A few months ago, a friend noted that they saw a significant increase in the
time required to read /proc/<pid>/maps
in Linux due to a change from a few years ago.
A patch was introduced to the Linux
kernel in 2012 (> 3.2) that marked thread stacks
in /proc/<pid>/maps
output. Previously, these regions were indistinguishable
from other anonymous memory.
Unfortunately, with this additional output there is a high cost for applications that utilize maps. In the current implementation of maps, anonymous memory requires scanning every thread in the thread group to detect the possibility of the VMA serving as a thread stack (see source). This means that a process with n thread stacks will require n2 scans of the thread group list. This gets very slow very quickly.
The good news is that this logic is not applied to /proc/<pid>/task/<tid>/maps
,
since it does not mark thread stacks of other threads.

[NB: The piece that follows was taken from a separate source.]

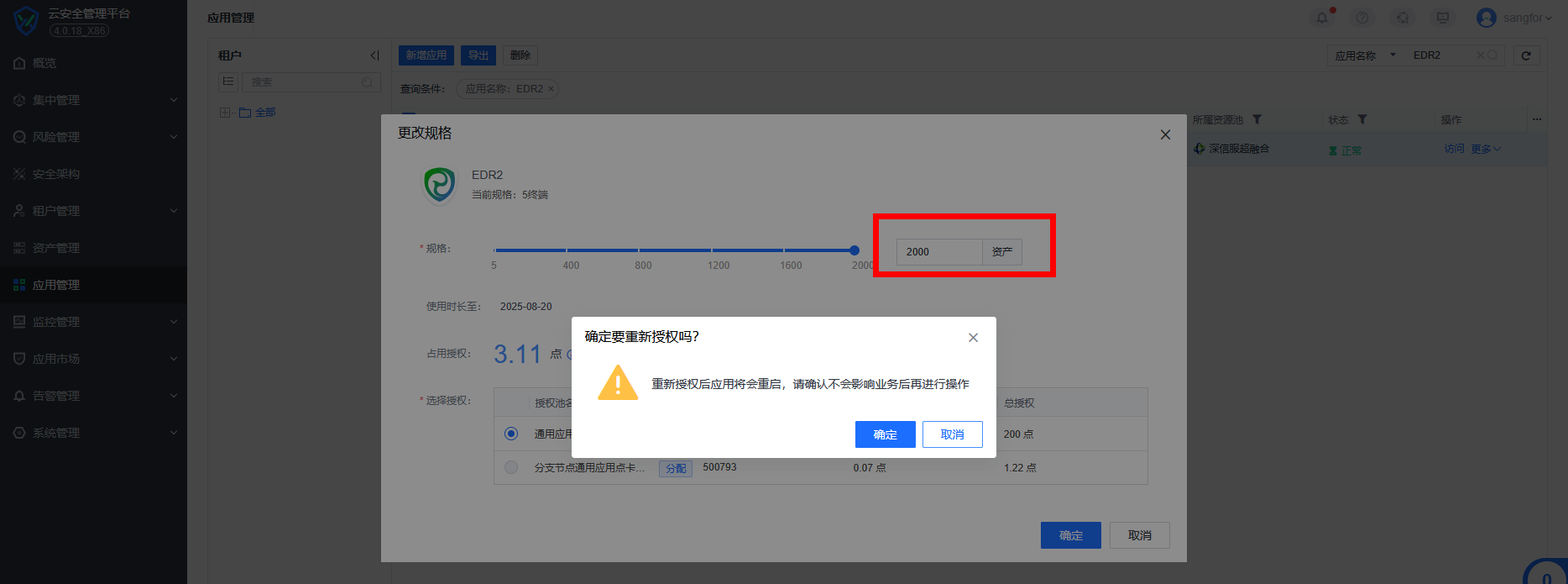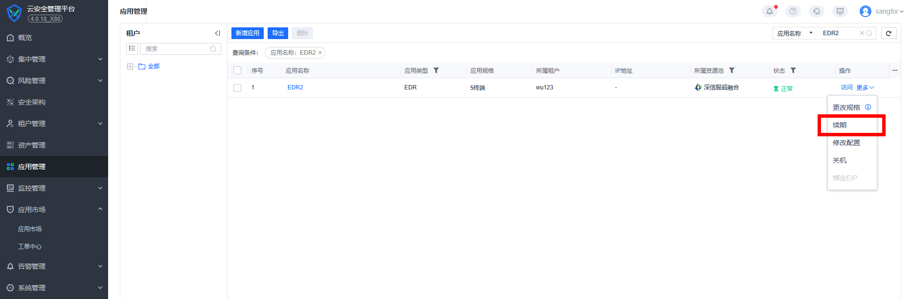 2、在【应用管理】中选择指定租户或区域的EDR或统一端点安全管理系统进行加点或续期

You can use this to your
advantage with the bt
--map
option if you do not require distinguishing
all thread stacks and prefer not to use cached maps.
shell$ uname -r
3.15.4-x86_64-linode45
shell$ time bt $pid --thread 2821
[...]
real 0m0.858s
user 0m0.013s
sys 0m0.370s
shell$ time bt $pid --thread 2821 --map /proc/$pid/task/$pid/maps
[...]
real 0m0.075s
user 0m0.003s
sys 0m0.027s